Everyone stopped dead in their tracks. “Where?” Aimee heard a man growl. “I don't see anything.”

“That way!” a young girl answered, pointing to the left, her voice a mixture of excitement and dread. “I can hear him!”

Just about twelve years old, Aimee noted with a quiet shudder as she gazed at the girl's profile. The same age she herself had been when that Stryder had cut down Aunt Ruth beside her.

At her side now, Ted was nudging her urgently with his elbow. Pushing back the memories, she pulled out her plate.

And then, from the direction the girl was pointing, the Stryder appeared from behind a tree. He pushed past the side of one of the booths, his bulk bending back the memory plastic and eliciting a soft crunch from something inside, and headed straight toward them.

The butterflies in Aimee's stomach took flight as she lifted the plate to her lips. “Fifty meters to the left, coming straight toward me,” she said, her lips feeling cold and dry. “He just pushed past a booth, probably breaking something inside.”

“Go down on your right knee, continuing to face forward, leaving your left knee bent at a ninety-degree angle,” the plate instructed her. “Put your left hand on your left knee, palm resting on the kneecap, fingers pointed down along the shin. Set your plate down on the ground and then put your right hand across the back of your left, elbow pointing forward and bent at a ninety-degree angle, fingers pointed straight out toward the Stryder. Lower your head to look at your crossed hands.”

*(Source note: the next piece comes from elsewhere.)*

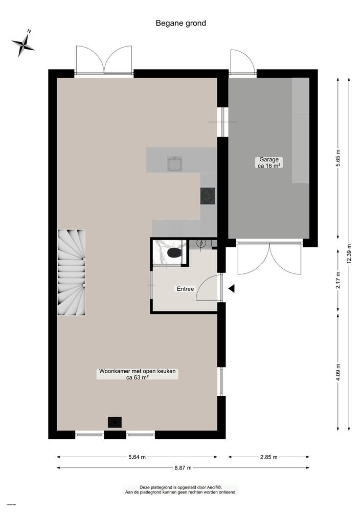 Begane grond: entree/hal met meterkast, trapopgang en modern toilet (2021). De lichte en verlengde U-vormige woonkamer (63 m2!) is v.v. dubbele openslaande tuindeuren. De open keuken (2011) is v.v. een U-vormig keukenblok v.v. inbouwapparatuur.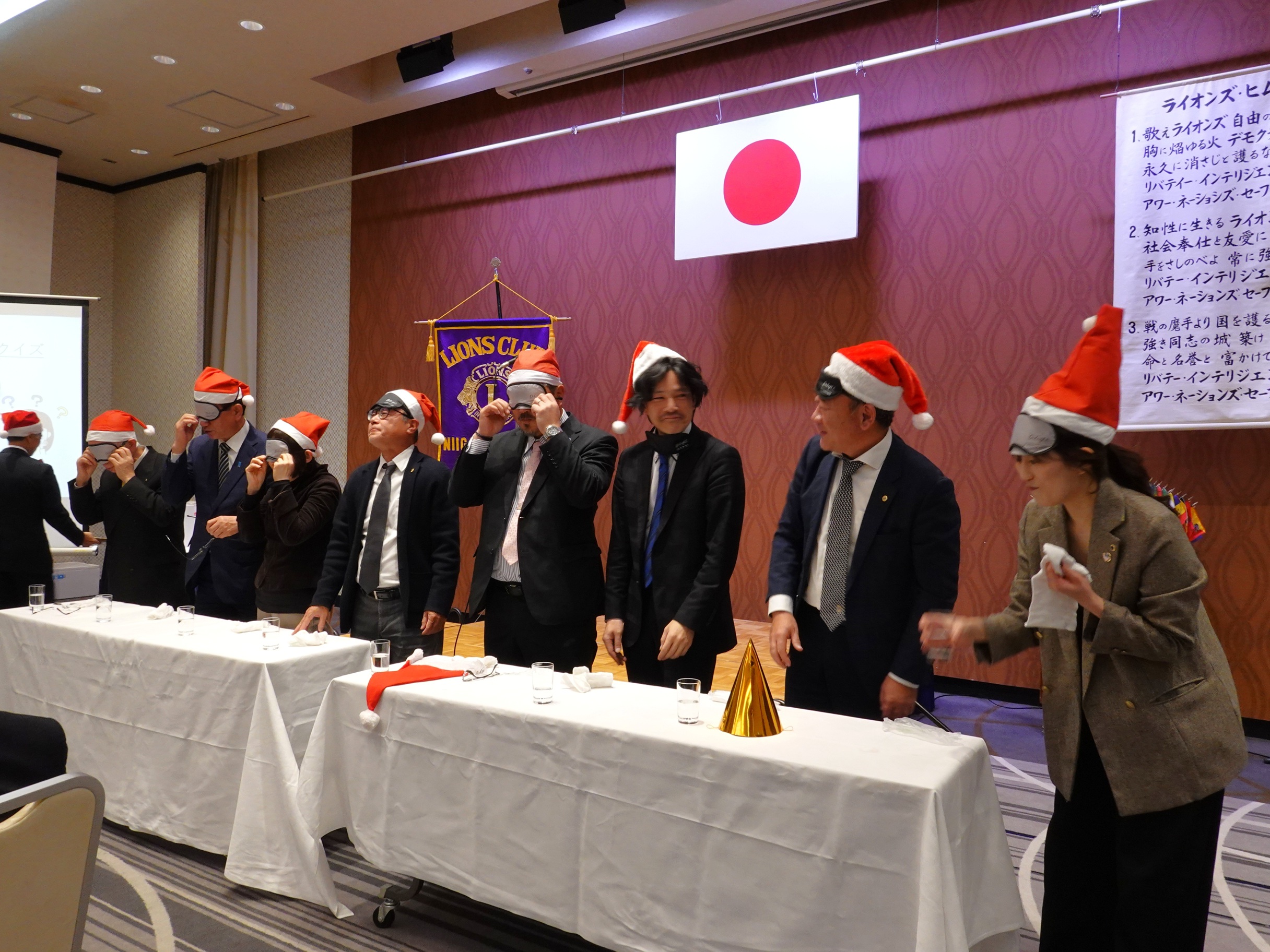 12月18日(木)第1302回例会(忘年クリスマス例会) ホーム各種お知らせクラブからのお知らせ新潟八千代ライオンズクラブ 新潟八千代ライオンズクラブ 2025.12.19 新潟東ライオンズクラブ、新潟万代ライオンズクラブ、豊栄ライオンズクラブの3役を迎え 忘年クリスマス例会を行いました。例会後の懇親会ではテーブル対抗ゲームなどで親睦を深め ビジターの皆さんと共に楽しいひと時を過ごしました。

She did as instructed. Her right arm wasn't quite long enough to make a precise ninety-degree angle, and she had to lean her shoulder forward a little to compensate. Peripherally, she could see everyone nearby following suit as she gazed at her hands. Those farther away, of course, would be doing the protocol for a ten-to-ninety-degree sideways approach.

What did it all mean? After thirty years, no one still had an answer to that question. The Stryders didn't even seem to notice the humans scurrying around their feet, at least as long as they obeyed the strange rules of the protocol. They couldn't be communicated or reasoned with; they couldn't be deflected or lured or frightened away from the complex paths they wove through human-occupied land; and they couldn't be killed, at least not with any weapon the colonists had ever been able to bring against them.